云霁宗的齐长老交代完后,便让其余几位长老开启了阵门,四宗弟子陆续进入。
“先觉啊,这届弟子中有几位天纵聪颖且能出众的,你看你那平烟阁冷淡清清地,不如……”
齐长老回到座位上后,将话题扯到了一旁身着雾蓝衣袍戴着斗笠的男子身上,此人颀长挺拔、高瘦清冷却一头白发,有些未参与仙会历练的女弟子小声讨论着这位仙师的样貌,是俊美无涛,才貌双绝还是像这些长老一样。
“齐长老,我说不收就是不收,您啊也别白费力气了就算那弟子中真有一个是百年一遇难得的奇才,我也不收。

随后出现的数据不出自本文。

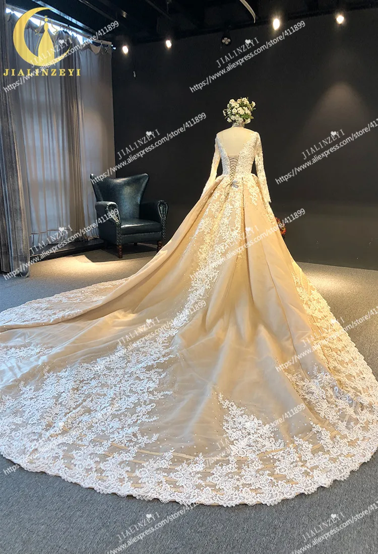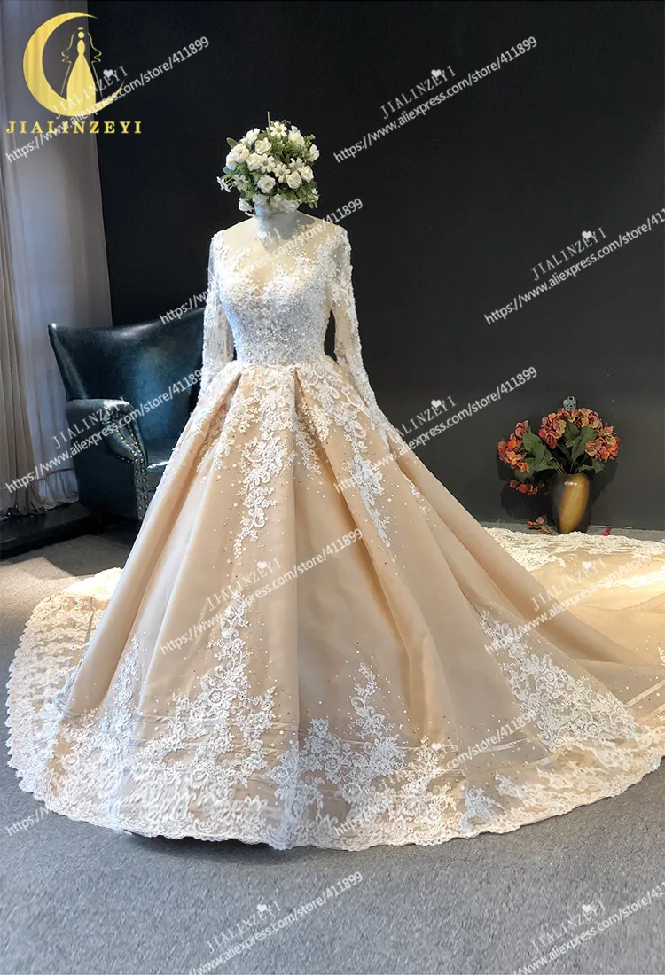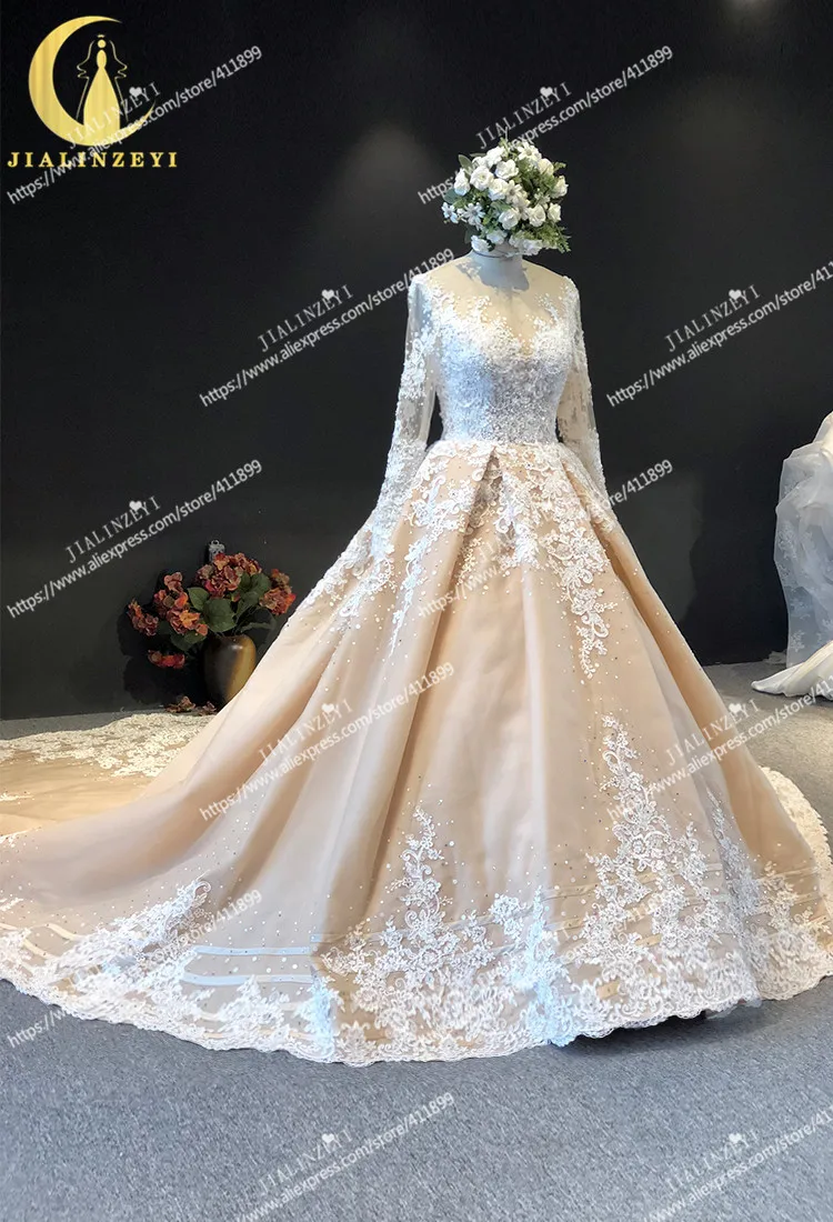 JIALINZEYI Настоящее фото длинное рукава, треугольный вырез, с кружевной аппликацией, с бисером с длинным шлейфом телесного цвета свадебные платья
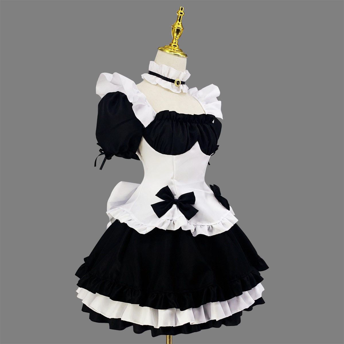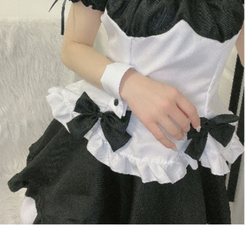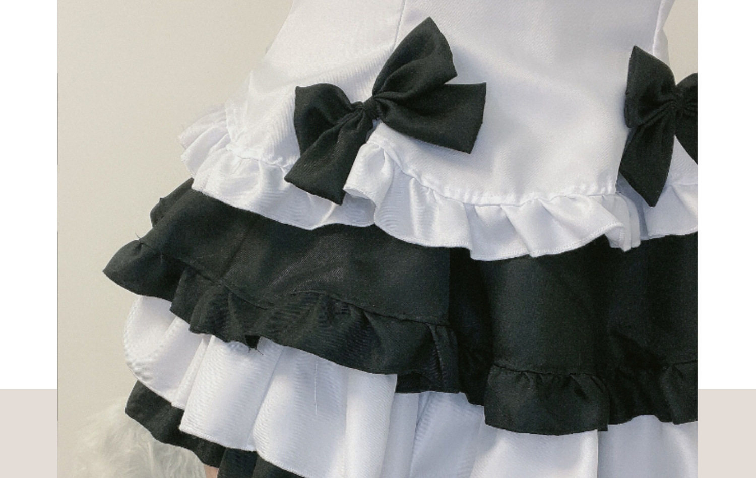ウエストのエプロンには大きなリボンがあしらわれ、首元のチョーカーと袖のリボン結びがアクセントになっています。

”
乌先觉声音清冷,态度明确。
“你这孩子怎么执拗成这样,自打一百年前从玉荷城回来,你就跟变了个人似的,不找道侣也就算了,若是后世弟子问起也可以说你修无情道,可不收徒,你那一身本领如何传承?你当真不收?”
齐长老显然是劝过许多回了,可每劝一回都能被气到,毕竟乌先觉自入云霁宗起便由他与宗主照看长大的,早就视如己出了。
“这些我都不在乎,今年的仙会夺缘我会如约,护他们三十日内不遇到高阶灵物,受不受伤我可就管不了,若是连未开灵智的灵物都打不过,那便再修个二十年再来吧。”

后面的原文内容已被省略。